Supplied information »

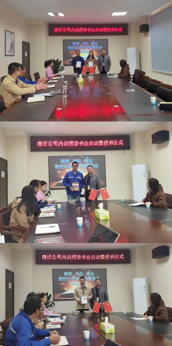 啟動儀式共分五大項:一、吳總宣讀 《宿遷公司內訓師讀書會活動實施方案》;二、陳總為內訓師們頒發學習書籍和讀書筆記本;三、內訓師代表發言;四、陳總作重要講話和指導;五、宣布啟動儀式結束。
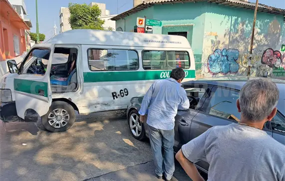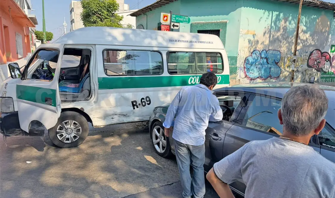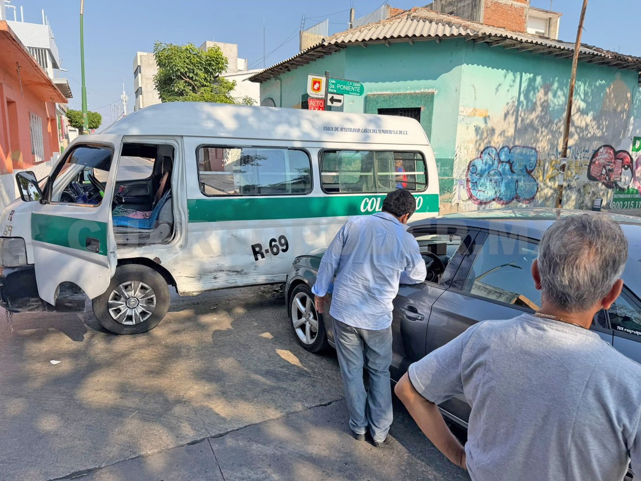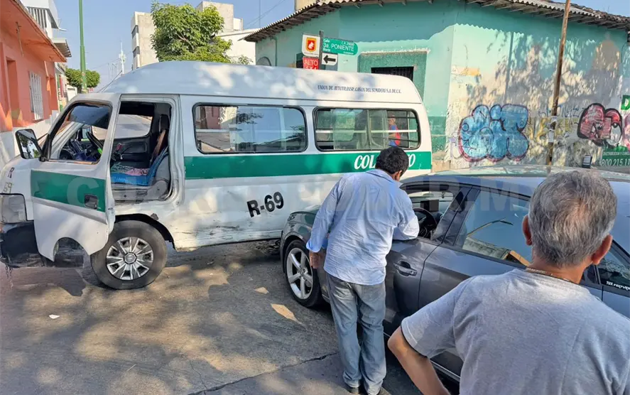 El hecho fue registrado cerca de las 08:10 horas, cuando la combi y el sedán protagonizaron un encontronazo en la esquina de la 3.ª Poniente y 3.ª Norte, debido a que uno de los conductores no tuvo precaución ni respetó el paso.
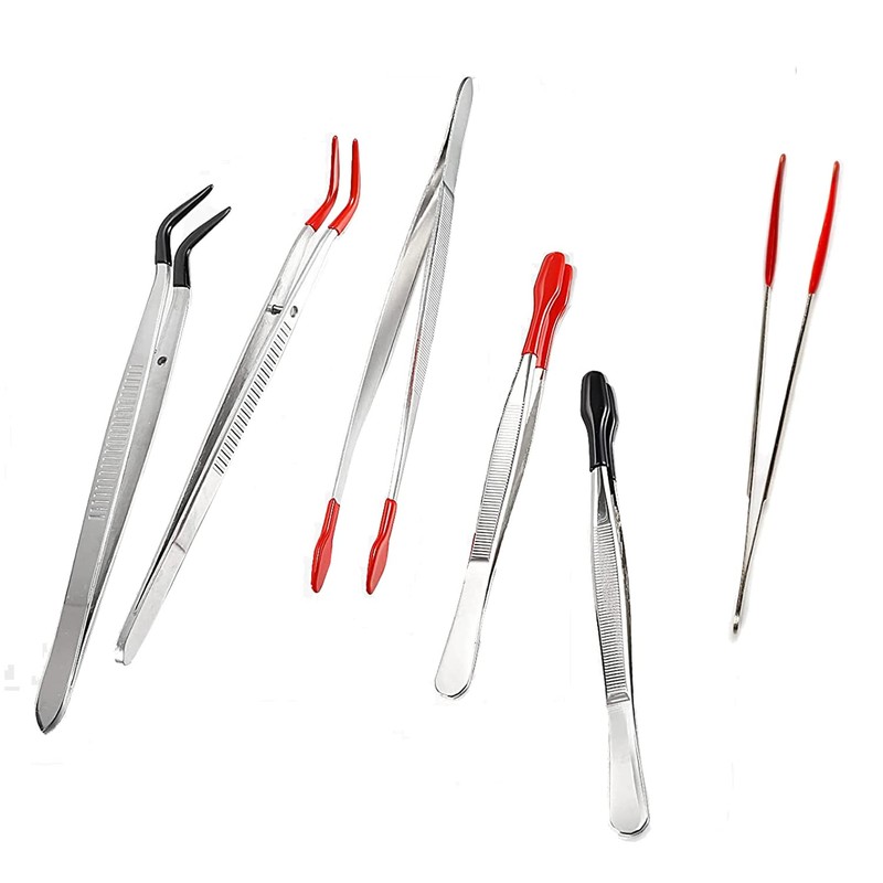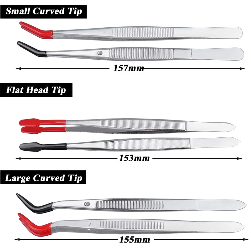 - Package Includes - Total 6 pcs tweezers which are 2 pcs large elbow tips tweezers, 2 pcs small elbow tips tweezers and 2 pcs flat tips tweezers.
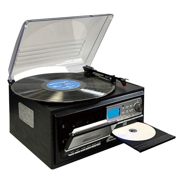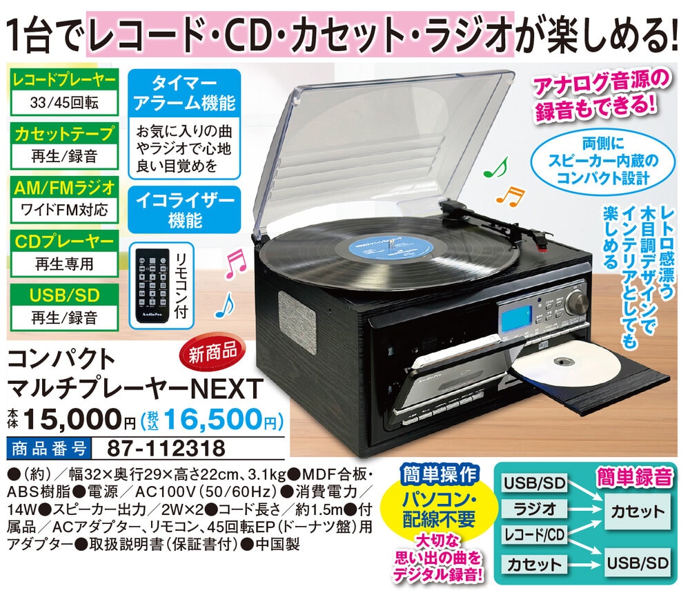 1台でレコード・CD・カセット・ラジオが楽しめる! アナログ音源の録音もできる! 両側にスピーカー内蔵のコンパクト設計 レトロ感漂う木目調デザインでインテリアとしても楽しめる 簡単操作 パソコン・配線不要 大切な思い出の曲をデジタル録音! ■タイマーアラーム機能 お気に入りの曲やラジオで心地良い目覚めを ■イコライザー機能 ■リモコン付 ●レコードプレーヤー:33/45回転 ●カセットテープ:再生/録音 ●AM/FMラジオ:ワイドFM対応 ●CDプレーヤー:再生専用 ●USB/SD:再生/録音

Your objective »
Could you copy each line above exactly as written, minus any pictures?

Output of the task »
 啟動儀式共分五大項:一、吳總宣讀 《宿遷公司內訓師讀書會活動實施方案》;二、陳總為內訓師們頒發學習書籍和讀書筆記本;三、內訓師代表發言;四、陳總作重要講話和指導;五、宣布啟動儀式結束。
 El hecho fue registrado cerca de las 08:10 horas, cuando la combi y el sedán protagonizaron un encontronazo en la esquina de la 3.ª Poniente y 3.ª Norte, debido a que uno de los conductores no tuvo precaución ni respetó el paso.
 - Package Includes - Total 6 pcs tweezers which are 2 pcs large elbow tips tweezers, 2 pcs small elbow tips tweezers and 2 pcs flat tips tweezers.
 1台でレコード・CD・カセット・ラジオが楽しめる! アナログ音源の録音もできる! 両側にスピーカー内蔵のコンパクト設計 レトロ感漂う木目調デザインでインテリアとしても楽しめる 簡単操作 パソコン・配線不要 大切な思い出の曲をデジタル録音! ■タイマーアラーム機能 お気に入りの曲やラジオで心地良い目覚めを ■イコライザー機能 ■リモコン付 ●レコードプレーヤー:33/45回転 ●カセットテープ:再生/録音 ●AM/FMラジオ:ワイドFM対応 ●CDプレーヤー:再生専用 ●USB/SD:再生/録音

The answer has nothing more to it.